Oggi, anche se la nostra Diocesi non include nel suo calendario liturgico la memoria del beato Giovanni Paolo II, per noi è FESTA: ci uniamo quindi spiritualmente a tutti i nostri amici, non sono pochi, che nel mondo ricordano il Papa  beato attraverso varie iniziative. E’ infatti stupefacente constatare come in molte diocesi il pensiero e la preghiera siano oggi rivolti al Papa beato, segno certo di una devozione capace di varcare ogni barriera e confini. E’ notizia di qualche giorno fa:  negli Stati Uniti  la memoria liturgica è stata inserita nel calendario delle diocesi statunitense; questo vale per le diocesi del Gautemala, del Brasile, del Messico, mentre le reliquie saranno venerate a Lourdes. Per quanto riguarda l'Italia,  non possiamo dimenticare le iniziative dei nostri amici abruzzesi, siciliani, ovviamente laziali…Potremmo dire un mondo, il mondo che Giovanni Paolo II ha amato e per il quale si è speso fino alla fine. Un dialogo che continua, reso tangibile da un progetto particolarmente significativo e originale realizzato in provincia di Chieti: una mostra permanente che raccoglie 2000 biglietti depositati in Piazza S. Pietro a ridosso del 2 Aprile 2005.
In fondo, le migliaia di persone che si rivolgeranno a lui quale potente intercessore, lo faranno come se si trovassero davanti ad un padre, ad una persona cara, di famiglia, proprio come testimoniato da quei bigliettini e da molti altri lasciati ancora davanti alla sua tomba: non può essere diversamente.  
Elevando preghiere di intercessione, vogliamo soprattutto porci alla sequela di Cristo, aderendo sempre di più all' insegnamento del Papa che si può sintetizzare con le parole pronunciate da colei che, forse, lo conosceva più di chiunque altro; la dott.ssa Wanda Poltawska ha affermato in una recente intervista che “Egli credeva che la santità è semplice, è semplice obbedienza alla volontà di Dio..” Obbedire a Dio è quello che ha fatto per tutta la vita Giovanni Paolo II, con gli scritti, i suoi studi e la sua vita. Questa è la santità secondo Giovanni Paolo II!!
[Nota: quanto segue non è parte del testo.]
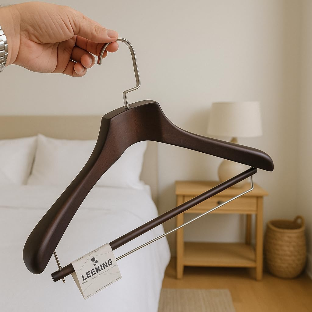 The hanger features a polished walnut color that adds warmth and sophistication to any closet. Ideal for both men’s and women’s wardrobes, it complements luxury interiors and upscale boutiques alike. ✨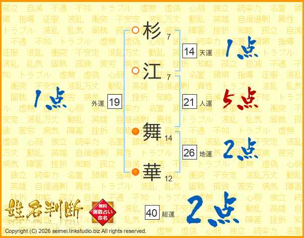 杉(7画)江(7画) 舞(14画)華(12画)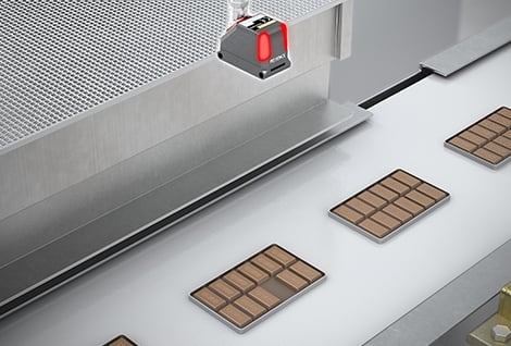 包装前のチョコレートが正しい数量で挿入されているか、また正しい方向で挿入されているかを検出し、ポカヨケを行います。

Un così grandioso insegnamento è il lascito più importante, è la sua eredità per noi che vogliamo accogliere sempre di più il suo invito, il suo grido, il suo anelito carico di amore: fate della vostra vita un capolavoro, siate santi.!!! 

martedì 16 ottobre 2012


16 Ottobre 1978 – 16 Ottobre 2012……La storia continua….
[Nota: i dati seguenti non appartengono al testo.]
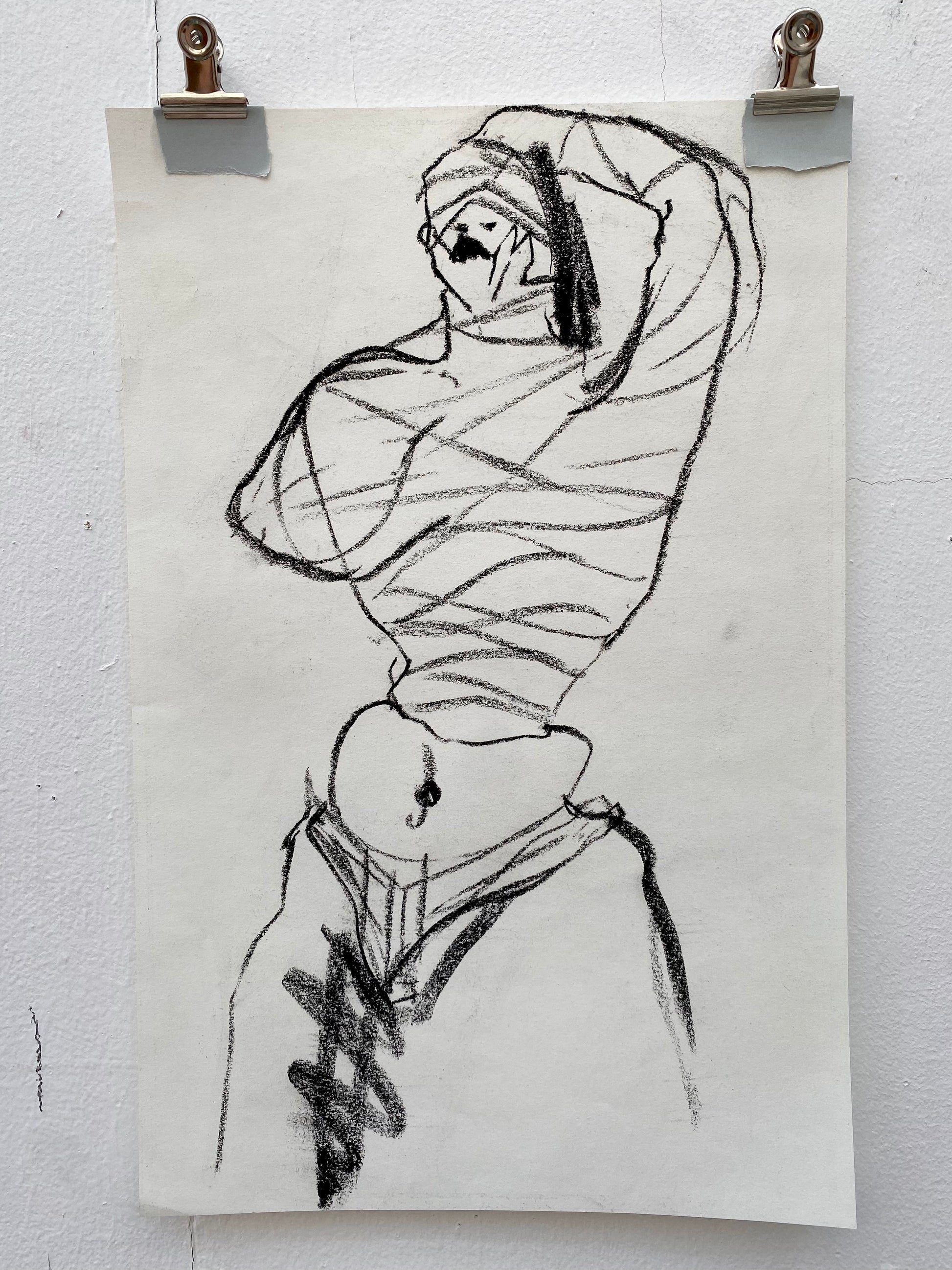 In this session we were drawing from a performance where Francoise was gradually wrapped in bandages by Alex until almost completely mummified. This mummification process created many shapes I had never drawn - a total joy.

Sono trascorsi 34 anni, ma il ricordo di quanto accadde quella sera di ottobre del 1978 è ancora impresso nella nostra mente. Molti di noi non hanno dimenticato il luogo in cui si trovavano nel momento in cui il Card. Felici pronunciò quell’”Habemus Papam” che, ancora il mondo non poteva sapere, avrebbe realmente sconvolto il mondo. Noi, allora adolescenti, con l’istintività propria della nostra età, presi da un’esaltazione inspiegabile, provammo subito un sentimento, un’emozione non ben definibili, in un certo senso irrazionale: eravamo felici, entusiasti, fiduciosi, soprattutto fiduciosi. Non riuscivamo a spiegare razionalmente la nostra reazione, ma in cuor nostro percepivano che quell’uomo, il cui nome era allora impronunciabile, avrebbe rappresentato uno snodo nella nostra vita.  Del resto, che potevamo sapere dell’elezione di un Pontefice? E della Polonia? Per noi ragazzi era solo ed un unicamente un “nome” legato al “ casus belli” della II Guerra Mondiale, era una “ riga” del manuale di storia, che dovevamo conoscere per l’interrogazione di storia, niente di più, anzi!! Eppure, quel volto, quello sguardo, quelle parole pronunciate con quella voce “ lì”, quella libertà del gesto, sì, anche quel suo inconfondibile  modo di “ trasgredire” al protocollo  ci sorpresero positivamente.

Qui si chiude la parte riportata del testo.